Another aspect of that mix will be soon-to-be neighbours Kathleen Price, 64, and her 67-year-old husband, David, who sold the three-bedroom house just outside Doncaster where they lived for 32 years and raised three children to move into a one-bedroom flat in Park Hill. They were initially pointed to the estate by their Le Corbusier-mad son but fell for the bare concrete walls, floor-to-ceiling windows and short walk to the railway station and tram.
“We knew Park Hill from its reputation, and let’s say we had a mixed reaction from friends,” Kathleen said. “It does feel a bit like we’re pioneers. I really hope that when the rest of the refurbishment happens it does become a vital place. I want people to get behind it. Where we used to live there isn’t the same kind of neighbourly feel as there once was. I’d love to think that Park Hill could have that sense of community again.”
Brutal list
Listed and loved:
Trellick Tower, London Designed by Erno Goldfinger in 1966, the north Kensington block of flats, offices and shops with a linked 35-storey service tower was built as rented council flats for the GLC, but is now partly in expensive private ownership, listed since 1998, now at second highest Grade II* level.
Barbican Centre, London The flats and arts complex was designed by Chamberlin, Powell Bon and built between 1963 and 1982, listed Grade II in 2001. The Royal Shakespeare Company abandoned it as a London base in 1989, when director Adrian Noble said most “hate the place profoundly”. Now coveted by city workers and 20th-century architecture lovers, a one-bedroom flat boasting an “original Barbican kitchen” is on offer at £585,000.
Rotunda, Birmingham: The 81m circular tower, opened in 1965, was designed as part of the Bullring complex by James A Roberts, built as offices but expensively refurbished in 2008 as apartments, now Grade II listed.
Under threat:
Preston bus station Opened 1969, repeatedly rejected for listing despite being described as “a masterpiece” by the 20th Century Society, now under threat of demolition by the city council.
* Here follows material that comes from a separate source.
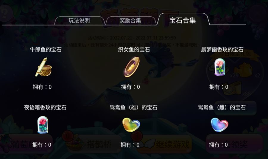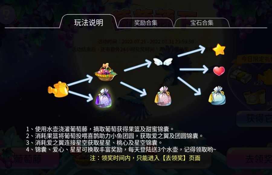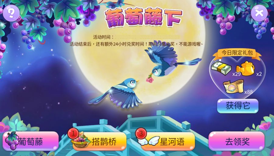 1、本活动分为五部分:葡萄藤、搭鹊桥、星河语、获得它、去领奖。<获得它>环节为可购买的限定礼包;

Robin Hood Gardens, Poplar, east London Designed by Alison and Peter Smithson, completed in 1972, a campaign to have it listed failed despite support from star architects Richard Rogers and Zaha Hadid, and the estate is now under threat of demolition for redevelopment.
Birmingham Central Library Designed by John Madin and opened in 1974, twice proposed for listing by English Heritage but rejected by government, likely to be demolished as the new city library nears completion.
Unlisted, but safe for now:
Hayward Gallery and Queen Elizabeth concert hall Designed by group of young architects for the Greater London Council and opened in 1968. Unlike their near neighbour, the Grade I Royal Festival Hall, they have been granted immunity from listing, meaning they could be demolished in some future redevelopment of the South Bank complex
Demolished:
Gateshead car park Designed by Owen Luder, pulled down in 2010.
Tricorn Centre, Portsmouth Also by Owen Luder, opened in 1966, voted Britain’s most-hated building in 2001, demolished 2004.